The author was part of a broadcast panel on "Software Safety". One important part of that broadcast was that safety is not a characteristic parameter of software. It is a system characteristic. What I believe was meant here is that software does not operate alone: the hardware operationalizes the software. Therein the safety exposure can materialize and be brought to bear on the hardware, person in the loop, or system mission. There are many variables acting on the system and the apparent software reliability. Dr Jeffrey Voas has depicted the nesting and interaction of software and system components. See below in Figure 1:

Figure 1 shows the "software" brain at the center. It is only limited by the programmer requirements mapped into it (requirements are a major challenge for reliability). The "software" is the Application Code embedded on top of the Operating System. Typically the software is evolving by going through version and point releases. These new releases fix function, safety, and reliability exposures. This "software" core then resides on hardware components. The hardware is also subject to updates over time. The "environment" contains weather related components, as the job flow, internal components status. This is all the things that the "software" must handle besides doing its main functional tasks.

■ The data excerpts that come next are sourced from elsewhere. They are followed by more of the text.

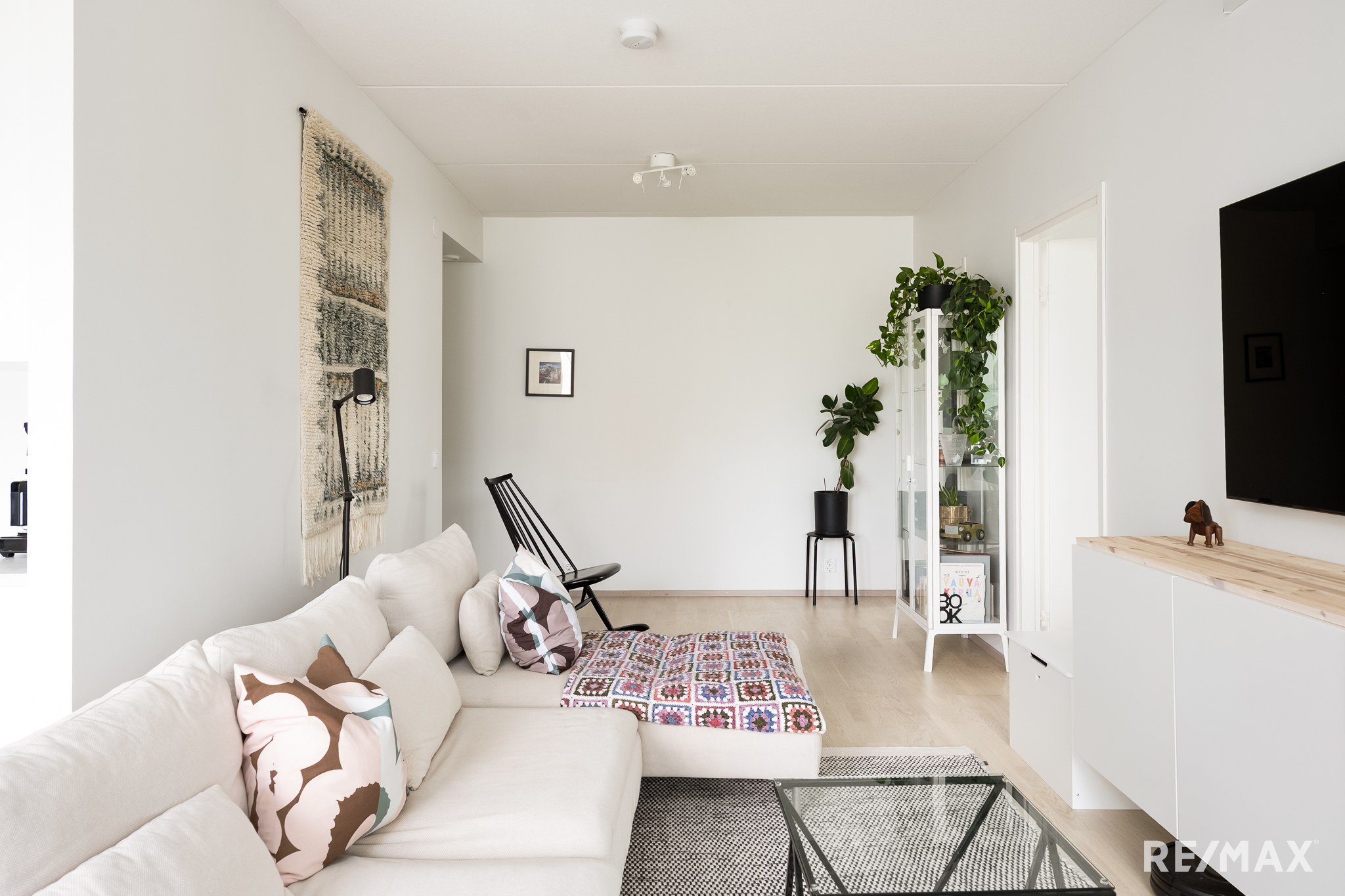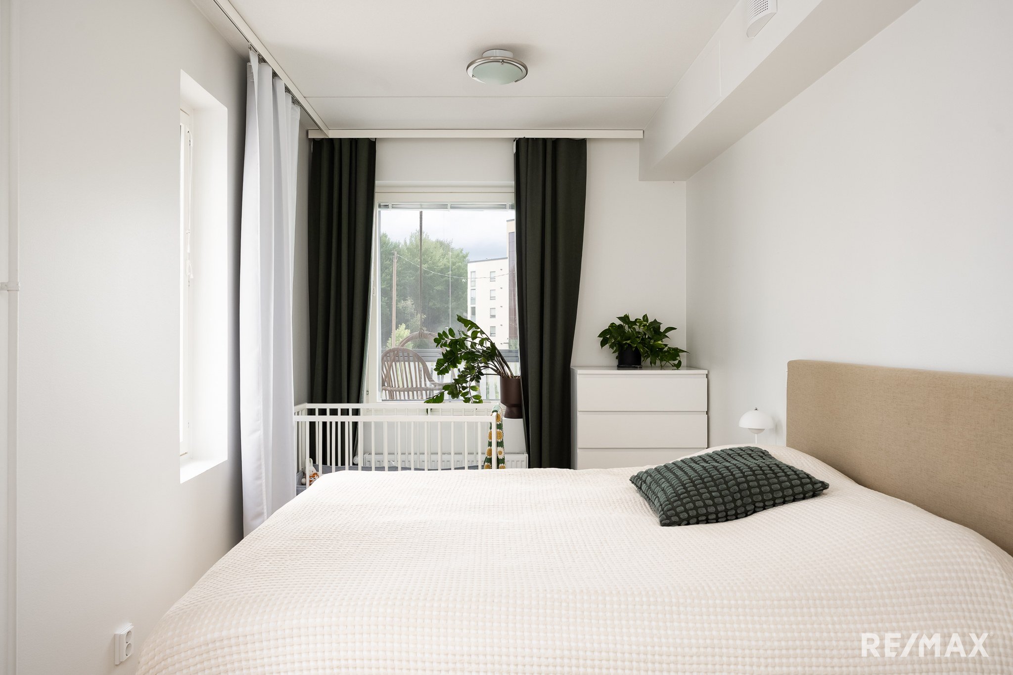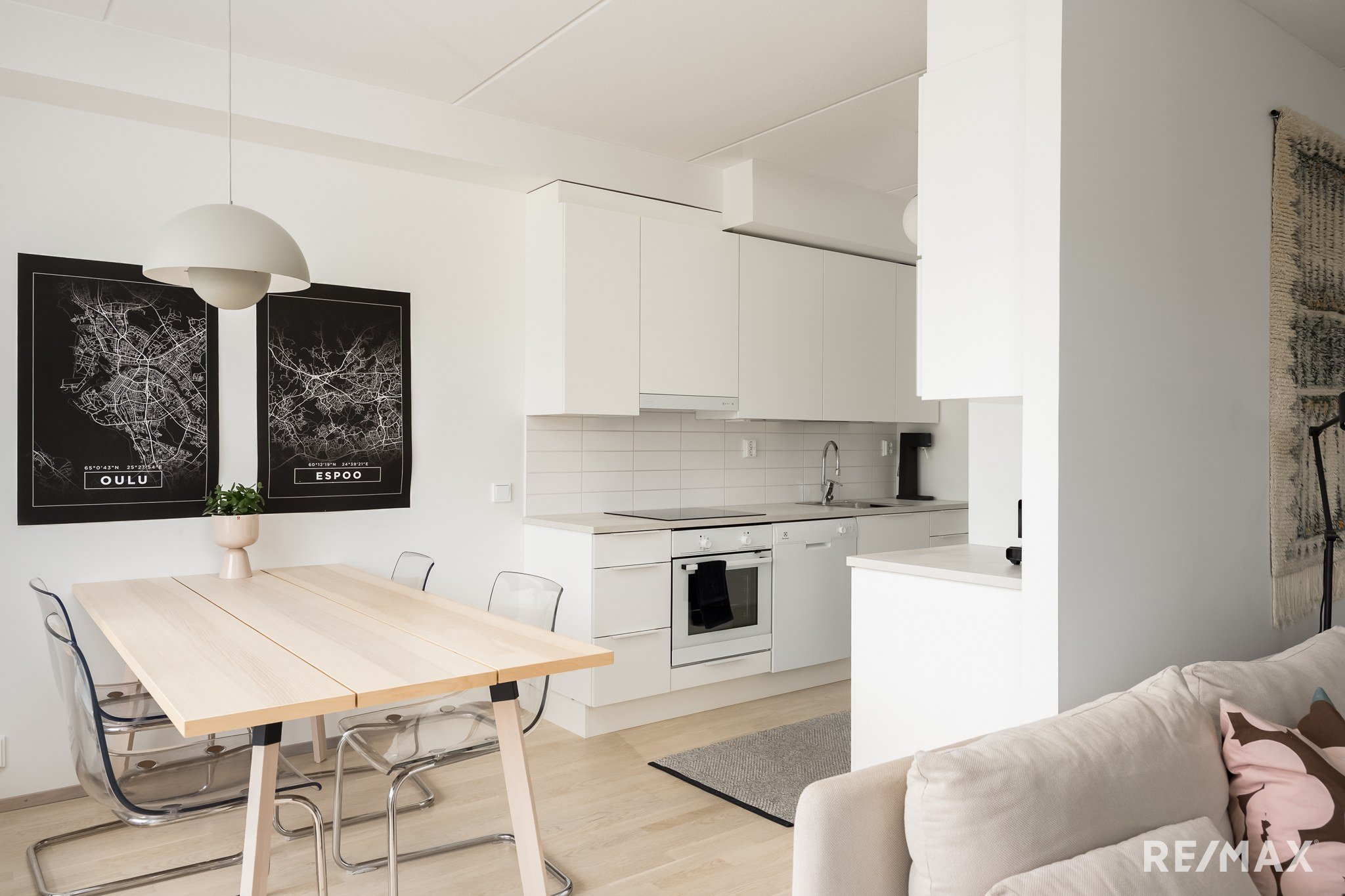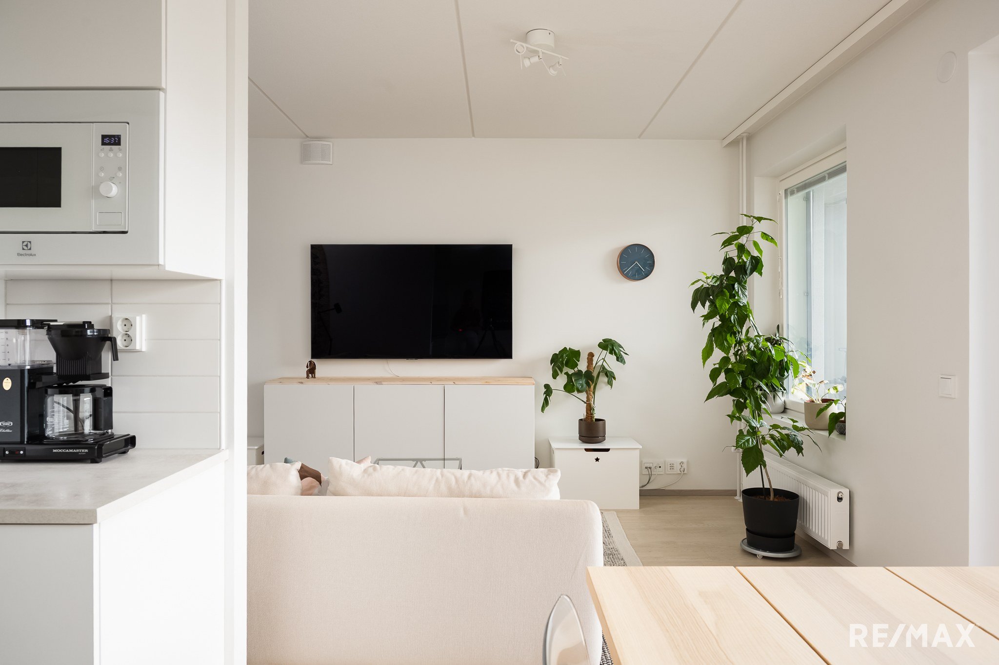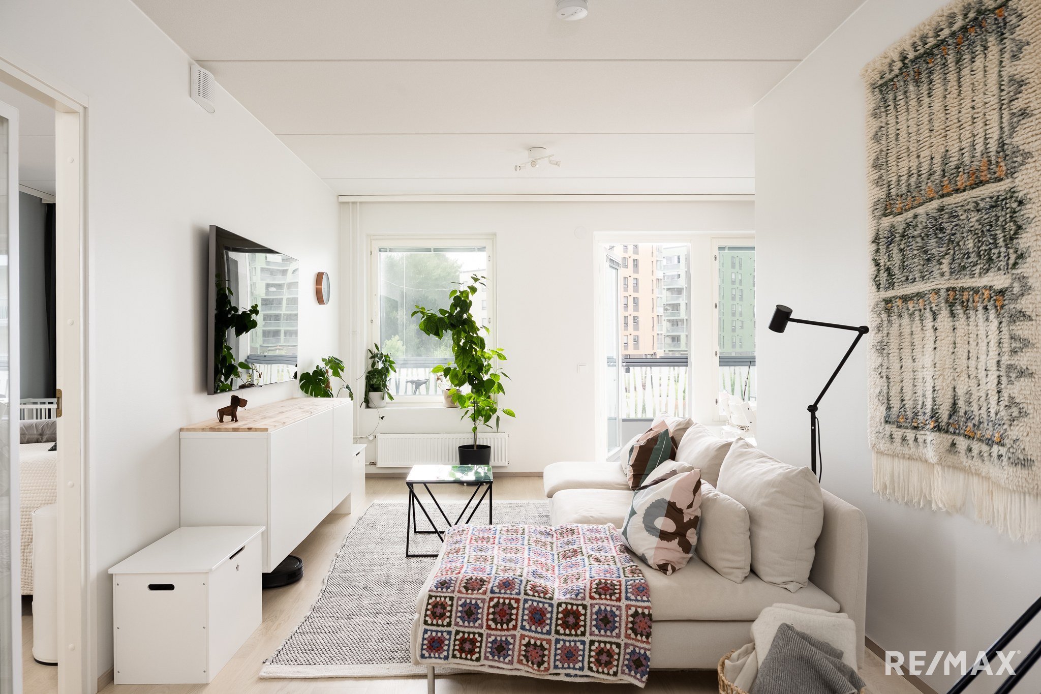 Asunnon 74 neliötä jakautuvat kahteen makuuhuoneeseen, avaraan olohuoneeseen sekä moderniin keittiöön, jossa on laadukkaat kodinkoneet. Suurempi makuuhuoneista on mahdollista jakaa kahdeksi pienmmäksi huoneeksi. Huoneen sähköt, ilmanvaihto ja valokatkaisijat ovat asennetut siten, että muutos on helposti toteuttetavissa.
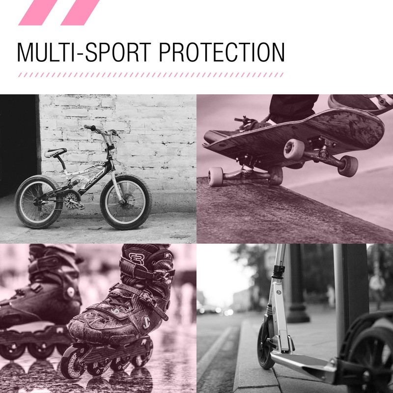 - Protective gear for kids includes two wristguards, two elbow pads, and two knee pads for biking, skateboarding, rollerblade, longboard, hoverboard, scooter, skating and other outdoor sports.
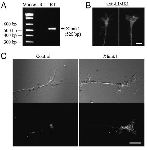Figure 5. Detection of Xenopus limk1 in Xenopus neurons. (A) RT-PCR detection of Xlimk1 mRNA from RNA samples extracted from Stage 20-22 Xenopus neural tube tissues using specific primers. RNA samples were processed without (-RT) and with reverse transcriptase (RT). (B) Representative fluorescence images of cultured Xenopus growth cones labeled using a specific antibody against LIMK1. (C) Detection of Xlimk1 mRNA in Xenopus growth cones by fluorescence in situ hybridization. Top panels are the differential interference contrast (DIC) images of the growth cones. Bottom panels are the FISH images of Xenopus growth cones labeled with digoxigenin-conjugated probes (three probes, ~50 nt each) that are specifically complementary to different parts of the coding region of Xlimk1 mRNA. The reverse probes were used as the control. Scale: 10 μm.
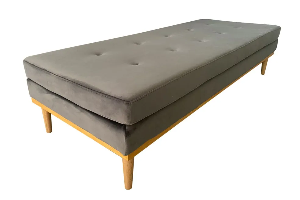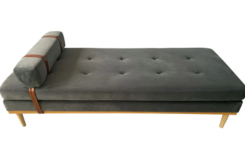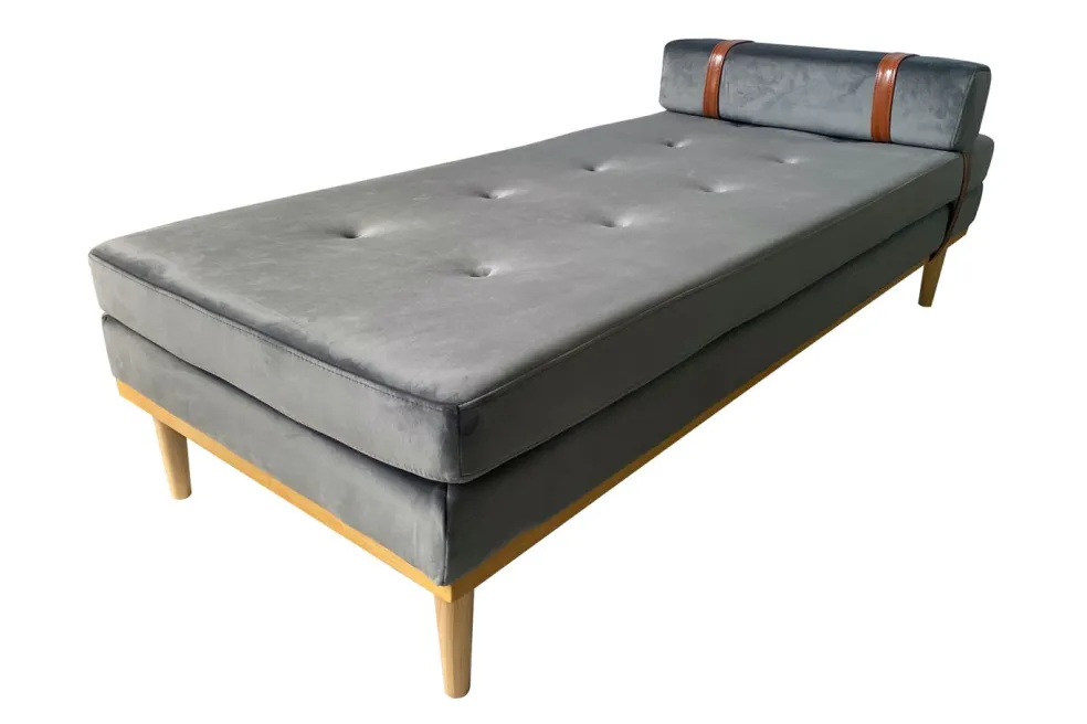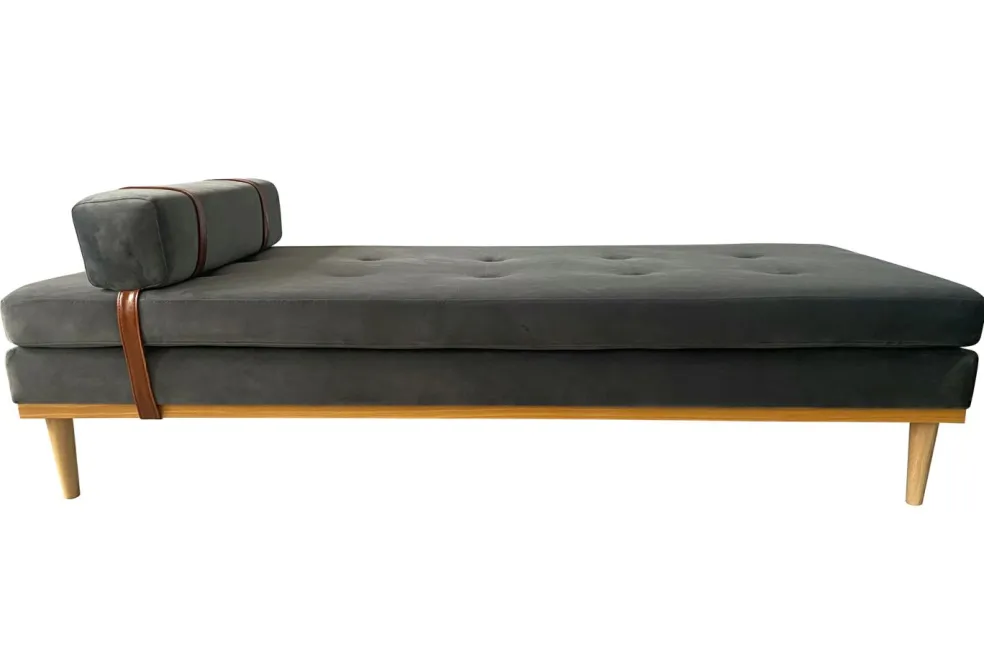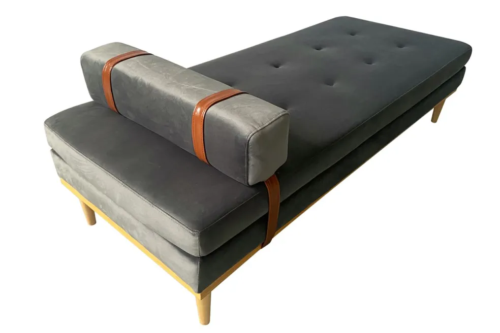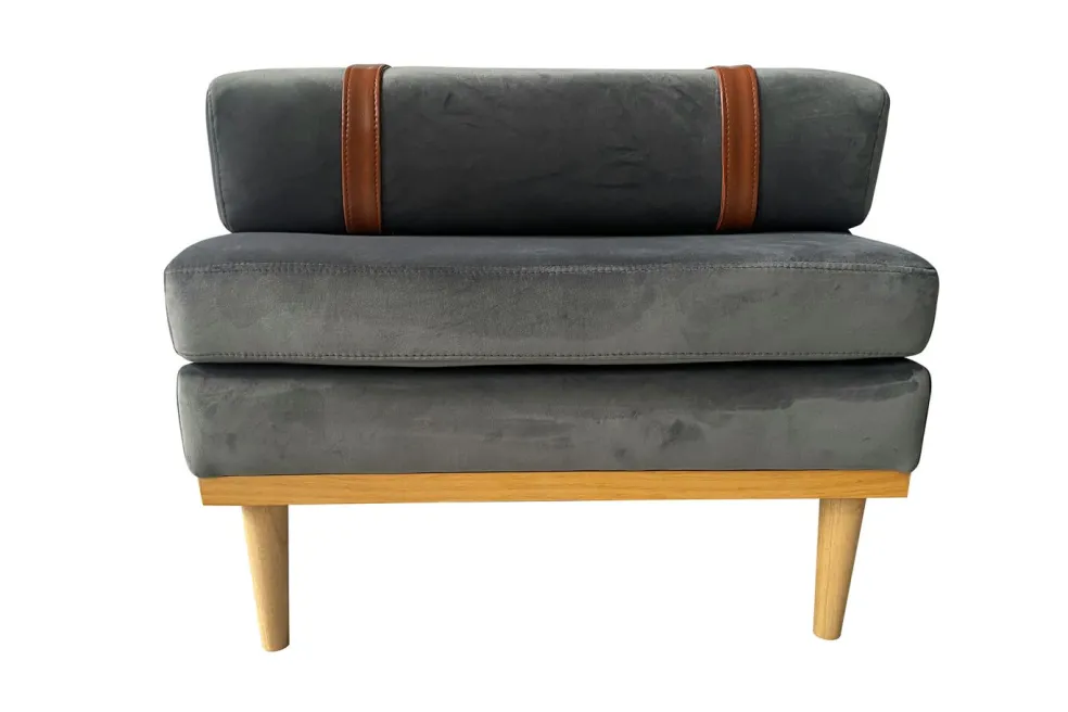 Revêtement : tissu velours ton gris 100% polyester avec contrastes en cuir synthétique marron 100% polyuréthane
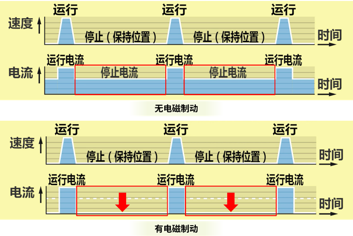 此外,通過選用帶電磁剎車的電動機,還可以降低耗電,響應節能減排。在設備運行過程中,為了保持位置,需要輸入停止電流。當停止時間較長時選用帶電磁剎車型步進電動機,可以切斷停止電流,減小耗電量。
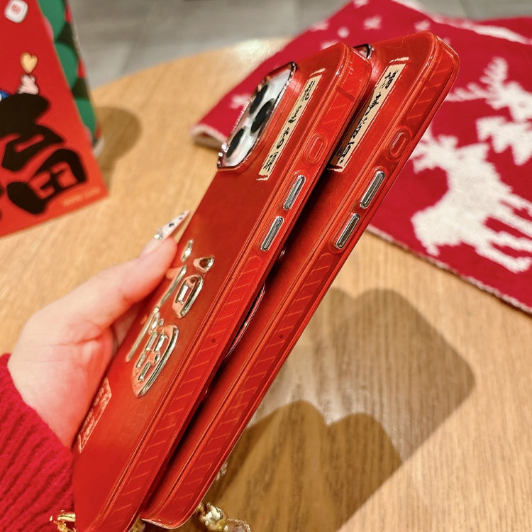 Estuche para Teléfono Get Rich iPhone 15 Pro Estampado Dorado 3D Imd con Cadena de Cristal
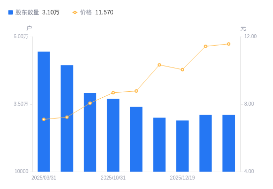 日期A股户数(户)流通A股户均持股数(股)户均持股市值(万元)2026-01-203100018435.2521.332026-01-093100018435.2521.072025-12-192900019706.6419.812025-12-103000019049.7619.682025-11-103400016904.0114.842025-10-313700015533.4213.482025-09-303921114052.1711.332025-06-304948110760.347.782025-03-31544939770.656.942024-12-31573909275.586.22

Note the world of systems and software is dynamic and ever changing. The particular challenge is to assure the system (and software) behave appropriately across all system and environment variations. In the end, it should be noted that it is usually the software which is changed to adapt to unwanted variations through other parts of the system or the environment. This means that software often gets the rap when all it is doing is making up for some other system component deficiency.

Sometimes we hear in the newspapers of some software fault being found years after the software was released. The disparaging feeling these announcements give is" How come it has taken so long to find this bug?" A part of the answer is that it may have taken that long a period of time for that failure to be manifest. Time or aging can be a failure driver. Also the system is evolving. Typically there may changes in: the hardware, the user application, the system software and application software or even the way the user uses the system.

Aging signals

A colleague of mine, who was a plant manager for 3M shared an experience he had touring an automobile factory in Detroit as a young man. A smooth running assembly line was demonstrated by the factory tour guide. He showed how simple it was to determine if a line was running properly. He allowed us to put our hands on the line and feel the rhythm. That was probably the major teaching incident that kind of focused me on vibration.

All machines have a certain rhythm. Today we have various devices to isolate problems. Placing your hand on machine allows you to sense the rhythm. In many cases improper rhythm indicates a bearing may be going out, drive gears may be wearing, hydraulic fluid may be pulsing, and if we wait long enough we know we're going to have a shutdown. It is an indication of an increasing problem and calls for preventative maintenance.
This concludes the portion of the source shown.